Increasing Government budget deficits have put Federal farm program payment limitations at the forefront of discussions concerning future farm legislation. Farm payment limitations and eligibility provisions have been included in farm acts for at least 40 years. Recent limitations reduce or eliminate payments to individuals or farms earning income over a certain threshold. For example, the Food, Conservation, and Energy Act of 2008 (the 2008 Farm Act) stipulated that a person or legal entity with adjusted annual gross farm income of over $750,000 (averaged over previous 3 years) was not eligible for direct payments.

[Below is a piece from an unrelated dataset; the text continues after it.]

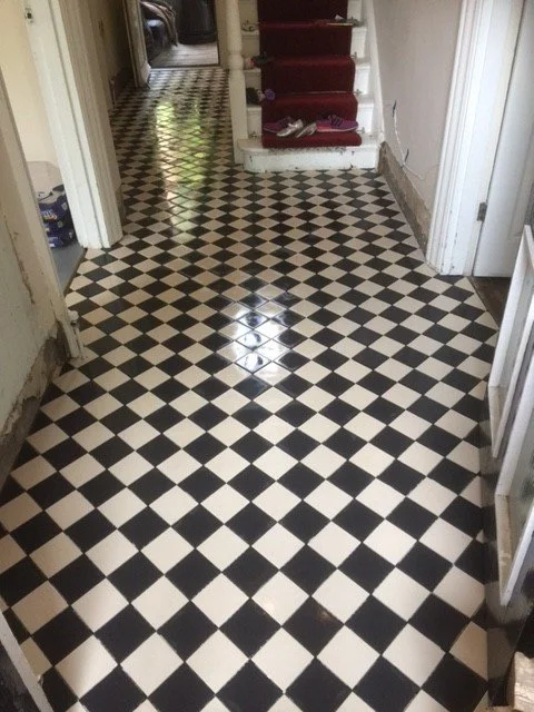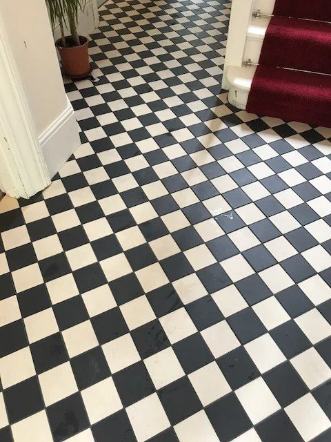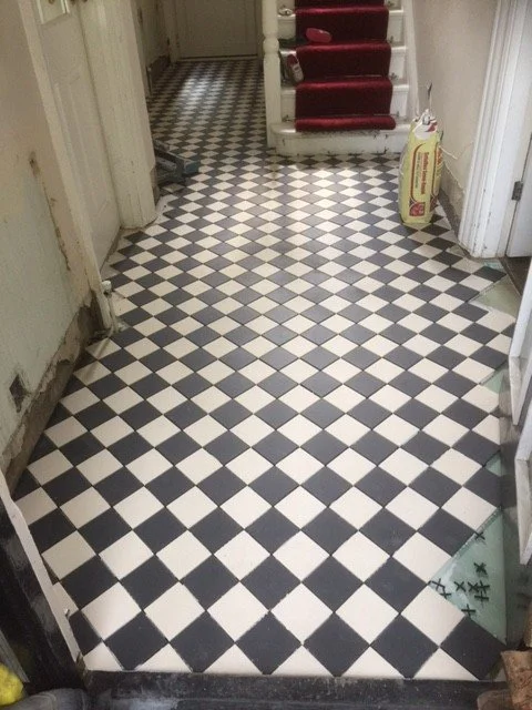 Traditional individual Victorian encaustic tiles laid in a diamond pattern

The 2008 Farm Act also included elimination of small payment amounts as both an administrative cost savings to USDA's Farm Service Agency (FSA), which administers the payments, and a budgetary savings. The 'base-10' provision of the 2008 Farm Act prohibits farms with 10 or fewer base acres from receiving direct and countercyclical payments (DCP) or average crop revenue election (ACRE) program payments (see 'New Market Realities Affect Crop Program Choices' in the November 2008 issues of Amber Waves). Limited-resource and socially disadvantaged owners were exempt from this provision.

Savings achieved through the base-10 provision appear to be small relative to total DCP and ACRE payments. Nearly 371,000 farms (as defined by FSA) of the 2.2 million with base acres became ineligible for payments under the provision. Since the affected farms controlled only 1.6 million, or 0.6 percent, of total base acres in 2009, prohibited payments totaled $29.1 million, compared with over $5 billion total DCP and ACRE payments in 2009.

The actual savings were probably even smaller, since not all operators of FSA farms enroll in commodity programs in a given year. For farmers choosing not to participate, the payment may not be sufficient to entice the farmer to process the paperwork. Operators affected by the base-10 provision would have forgone an average of $79 per farm in 2009. In 2008, prior to implementation of the base-10 provision, 40 percent of FSA farms with 10 or fewer base acres enrolled in the DCP program. If a 40-percent enrollment rate is applied to 2009 data, 148,400 farms would no longer receive payments, resulting in a savings of $11.7 million. The administrative cost savings would bring another $1.5 million, for a total savings of $13.2 million in 2009.